DREADful
Both the STRIDE and DREAD systems Michael and I documented in Writing Secure Code have been criticized quite a bit. Neither of them were developed with any real academic rigor, and from a scientific standpoint, neither of them tend to hold up very well. STRIDE has a number of cross-correlations – for example, escalation of privilege (E) tends to imply spoofing and loss of non-repudiation, and could imply tampering, information disclosure, and denial of service. Ouch – every vulnerability category we had, all in one bundle. The fact that it isn't a rigorous classification doesn't mean that it isn't useful – it is useful in helping people focus the debate about what to do about some specific problem. Outside of the ivory towers of academia, there's a lot of very useful things that don't pass muster with a strict academic standard.
DREAD is something that came up out of the Visual Studio security push. A bit of trivia – that was actually our first security push, and preceded the Windows security push for Win2k3. I believe that DREAD is actually a fairly reasonable model, and that the biggest problem is how we implemented coming up with an overall score. Let's review the components:
D = damage – how bad is the problem? This has to be judged in the context of your app. For a server app, any sort of crash is probably a bad thing, whereas if notepad crashes non-exploitably, that's an anklebiter attack, not really a vuln.
R = reliability – how reliable is the attack? Does it hit every time? Or does it not work reliably? Note that this is orthogonal to exploitability, and says nothing about the preconditions needed to launch the attack, just how well it works once you trigger it.
E = exploitability – how much work is it to launch the attack? Worst case is anonymous access, and it can be scripted. Such things can be turned into worms. Best case is that it requires a fairly high level of access, such as authenticating as user, or it requires a special configuration, or maybe an information leak. Maybe you have to guess a certain web page's path and name, and then launch it.
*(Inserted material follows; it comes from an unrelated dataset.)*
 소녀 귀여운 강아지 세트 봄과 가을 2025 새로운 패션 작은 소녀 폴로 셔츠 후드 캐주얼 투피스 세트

I've seen exploits that took a penetration tester an hour or more to set up by hand.
A = affected users – pretty self-explanatory – all the users? Or just some of them?
D = discoverability – perhaps the most controversial component, but good information to have. Something that's highly discoverable is publicly known, or very similar to something that is publicly known. Low discoverability is that it takes intimate knowledge of the internal workings of your app to sort out. This one is really risky, since what you thought was hard to sort out could get published on BUGTRAQ tomorrow. My advice is to not take comfort if something is low discoverability, but to get really alarmed if it is high. More on this in a moment.
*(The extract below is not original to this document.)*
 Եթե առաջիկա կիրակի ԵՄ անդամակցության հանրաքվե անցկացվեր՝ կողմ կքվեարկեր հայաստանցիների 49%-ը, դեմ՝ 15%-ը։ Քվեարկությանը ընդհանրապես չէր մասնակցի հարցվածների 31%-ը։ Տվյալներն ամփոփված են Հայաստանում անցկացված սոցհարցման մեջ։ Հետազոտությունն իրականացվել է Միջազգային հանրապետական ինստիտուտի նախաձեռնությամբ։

If we look at the five components, we see that none of these are highly correlated – one of them does not imply the other. This means we have independent factors, which is one of the strongest criteria for a solid model. Thus our task is to figure out how to properly weight the inputs. In WSC, we told you to rate them from 1-10, add them up, and divide by 5. If we apply some obvious tests, we find that a damage of 1, and all other factors 10 (a well known nuisance, e.g., pop-ups) gets weighted the same as a discoverability of 1 and everything else 10 (hard to sort out, but causes the heat death of the universe). This is an obvious malfunction.
Next, what's the difference between discoverability of 6 and 7? Who the heck knows? I don't. If we're going to have big error bars, let's simplify matters and drop back to high, medium and low. We can all fairly easily sort out 3 categories that pertain to our app.
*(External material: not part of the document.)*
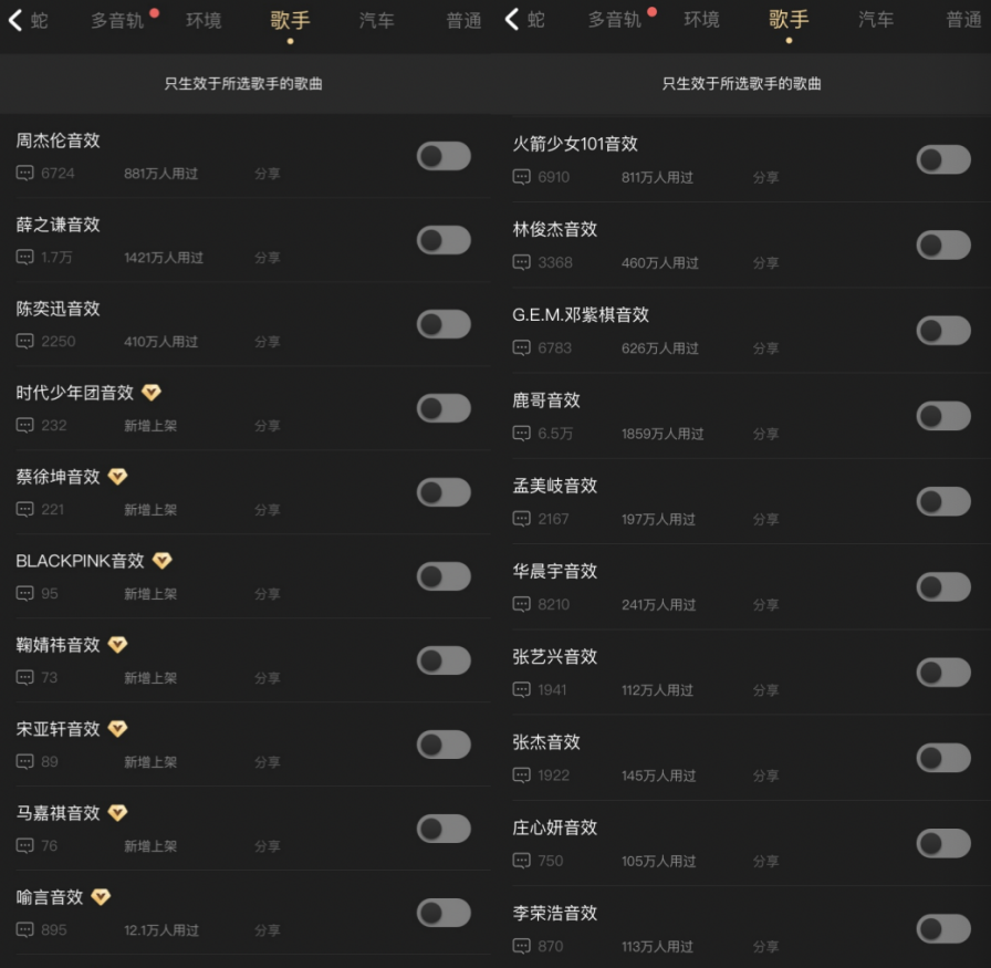 另外,酷狗蝰蛇音效此前还针对不同歌手推出专属的“歌手音效”,像周杰伦音效、薛之谦音效、时代少年团音效、蔡徐坤音效。当你在收听周董歌单时,可以通过“歌单音效”功能,为你歌单中的全部歌曲加入“周杰伦音效”。当使用该音效收听时,你会发现音效拉近音源的同时增强歌曲韵律,让你仿佛置身在舞台中央,随时随地都能听到周董的演唱会。但需要注意的是,【歌手音效】只生效于歌手自身的歌曲,并不适用于其他歌手歌曲。

As I thought about the overall problem, another aspect is that our factors group into two classes. Damage, reliability and affected users all group together to tell us how bad something is, and tends to remain static with respect to the other two factors, so we can safely say that:
Severity = f(Da, R, A)
The remaining two factors each vary a lot depending on situation. Say we had a vuln that required user-level remote access. This is next to useless against home users, since most of them have blank admin passwords that can't be used from the network, and/or they have firewalls up. However, on a corporate network, this could be a really easy bar to hit. This implies that exploitability is very situational, and may vary a lot from one customer to the next. Discoverability is a SWAG at best, and can change overnight. Let's then use these factors to add a priority boost if they're high.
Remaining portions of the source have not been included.